But unfortunately statistically correct or reasonable is in regulators view not always correct or reasonable.
Not so astonishing because statisticians are them selfs of such different opinions if I think about Type III SumOfSqares or now the question of denominator degrees of freedom.

Regards,

Detlew
Helmut
★★★

Vienna, Austria,
2009-04-22 00:46

@ d_labes
Posting: # 3580
Views: 56,685

## Cholesky factor ?!

Dear D. Labes,

» [...] BTW could not find any hint up to now what this really means: General positive-definite, Log-Cholesky parametrization. Questions for that are always answered: Buy the book of Pinheiro/Bates "Mixed-Effects Models in S and S-PLUS", Springer (2000), there it is described.

I have it in my shelf, but
1. too stupid to understand >90% of it's contents
2. too short of time to dig into it
3. but maybe this is helpful to initiates? On page 59 you find the only mentioning of 'Cholesky' in the entire book…
4. Another source

Cheers,
Helmut Schütz

The quality of responses received is directly proportional to the quality of the question asked. 🚮
Science Quotes
d_labes
★★★

Berlin, Germany,
2009-04-22 11:20

@ Helmut
Posting: # 3581
Views: 56,192

## Cholesky factor ?!

Dear Helmut,

thanks very much for the links.

» [ I.] too stupid to understand >90% of it's contents
» [II.] too short of time to dig into it […]

Me too. But my percentage for [I.] is higher . Much to much "matratzen" in it for an Initiated.

Regards,

Detlew
yjlee168
★★

Kaohsiung, Taiwan,
2009-04-23 08:08

@ d_labes
Posting: # 3587
Views: 56,288

## FDA loves replicate bears?

Dear D. Labes,

Thank you for your message. I find that currently bear's model dealing with replicate ABE data is equivalent to SAS Proc MIXED as the follows:
PROC MIXED; CLASSES SEQ SUBJ PER TRT; MODEL Y = SEQ PER TRT/ DDFM=SATTERTH; RANDOM SUB=SUBJ G; REPEATED/GRP=TRT SUB=SUBJ; ESTIMATE 'T vs.

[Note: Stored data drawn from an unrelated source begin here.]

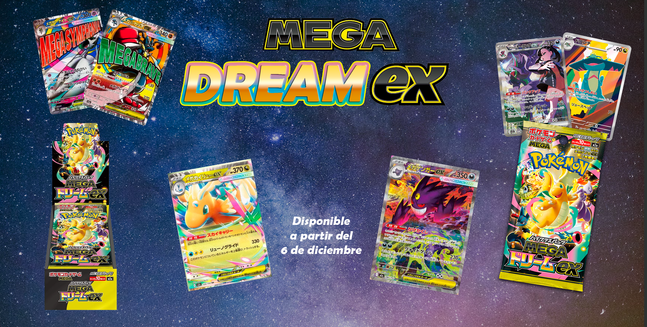 5 sobres aleatorios en japonés, inglés y/o español más 1 bonus que puede ser un sobre o una carta AR en japonés, inglés o español.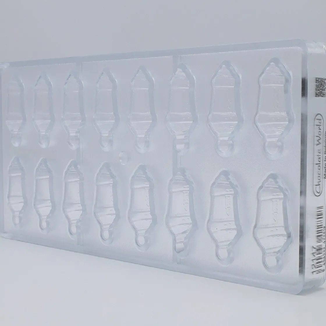 Met de Bonbonvorm Chocolate World Lantaarn (16x) 49x21x20mm kun je prachtige én lekkere bonbons creëren in de vorm van een lantaarn. De lantaarn heeft gedetailleerde versiersels en de mal is perfect om verrassende chocolaatjes mee te maken. De bonbons kunnen gevuld worden met allerlei vullingen, zoals caramel, notenpasta’s of fruitige vullingen.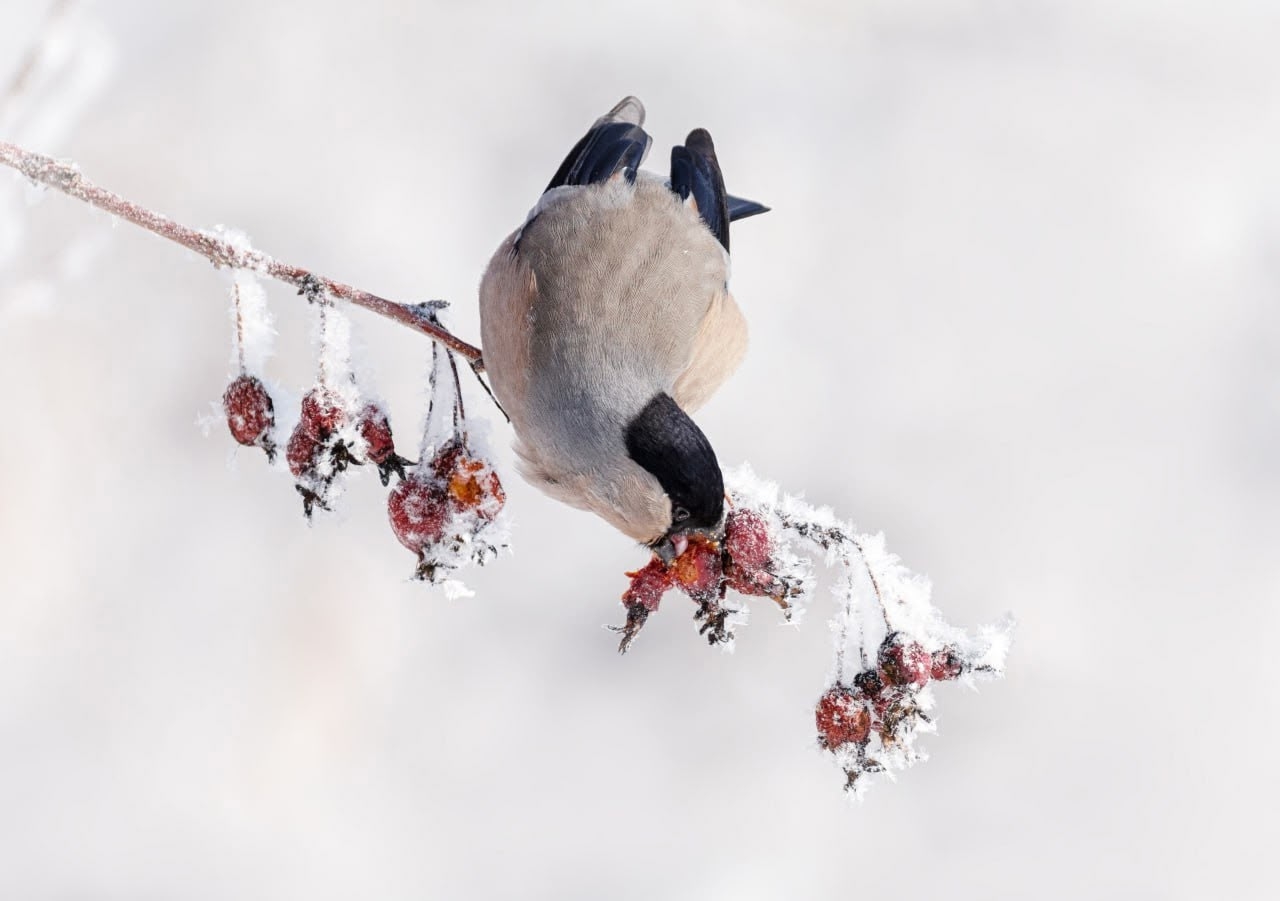 «Есть птица, чей образ стал для многих синонимом русской зимы, – снегирь. Его яркий самец с красной грудью – настоящая живая открытка на фоне белого снега. Однако сегодня наш герой – его верная спутница, самка снегиря, чья красота куда более скромна и изысканна.

R' TRT 1 -1/CL ALPHA=0.1;
(Ref.: Jones, B and Kenward MG. Design and Analysis of Cross-Over Trials, 2nd ed., Chapman & Hall/CRC, 2003). If using TYPE setting, either FA0(2) or CSH as recommended by FDA, we will not get the exactly same 90%CIs from running bear using lme(). I guess we need to find out how to comply with here.

All the best,
-- Yung-jin Lee
bear v2.8.7:- created by Hsin-ya Lee & Yung-jin Lee
Kaohsiung, Taiwan http://pkpd.kmu.edu.tw/bear
d_labes
★★★

Berlin, Germany,
2009-04-23 09:48

@ yjlee168
Posting: # 3588
Views: 56,427

## FDA loves SAS code?

Dear Yung-jin,

where does the code come from?
I cannot find it in Jones / Kenward.
And sorry it does not work for me
(Syntax errors in the random statement! Maybe there is something missing, Intercept or sub(seq)?).

And if you have working code, please guide me to the different intra-subject variabilities (resulting always from the SAS REPEATED statement) in the results from bear's lme() statement.
Up to now I have not found any equivalent in bear's output.

And what about the DDFM=blabla? I have learned so far (in reading tons of Web sites) that there is no such thing as different denominator degrees of freedom methods in lme()? I had been informed further, that the successor of lme() - lmer() - does not give any DenDF and p-values for the effects in the model (fixed or random) by design, because the inventor and developer D. Bates does not belief that the test statistics follow any of the usually applied distribution (F distr.). See here f.i. A consequent but strange countenance.
Since SAS Proc MIXED uses these DDFM also in calculation of CI's for the treatment effect, there must be any difference.

BTW: Kenward/Jones in their Proc MIXED code always use DDFM=KR, i.e. the Kenward/Roger method. Not so astonishing I think .

BTW2: Let me state explicitly that these discussions are not for proving you / bear wrong.
I am seriously on the way to change "The power to know" to R, but only if I can fulfill the needs in statistics for bioequivalence studies (regulators bullet proof), my everyday bread and butter work.
And currently I suspect that this is not feasible for replicate studies.
Or is anybody out there to prove me that black is white?
Anybody out there who has evaluated a replicate study with R (not necessarily bear) which was approved by a regulatory agency?

Regards,

Detlew
yjlee168
★★

Kaohsiung, Taiwan,
2009-04-23 10:46
(edited by yjlee168 on 2009-04-23 12:27)

@ d_labes
Posting: # 3590
Views: 56,321

## FDA loves SAS code? definitely.

Dear D. Labes,

Sorry about the code. Here is the correct one.
proc mixed data=blabla; class seq subj prd tmt; model lnAUC=seq prd tmt/ ddfm=kenwardroger; random subj(seq); lsmeans tmt/pdiff cl alpha=0.1; estimate ’ABE for lnAUC’ tmt -1 1; run;
I've changed the parameter names to fit our discussion.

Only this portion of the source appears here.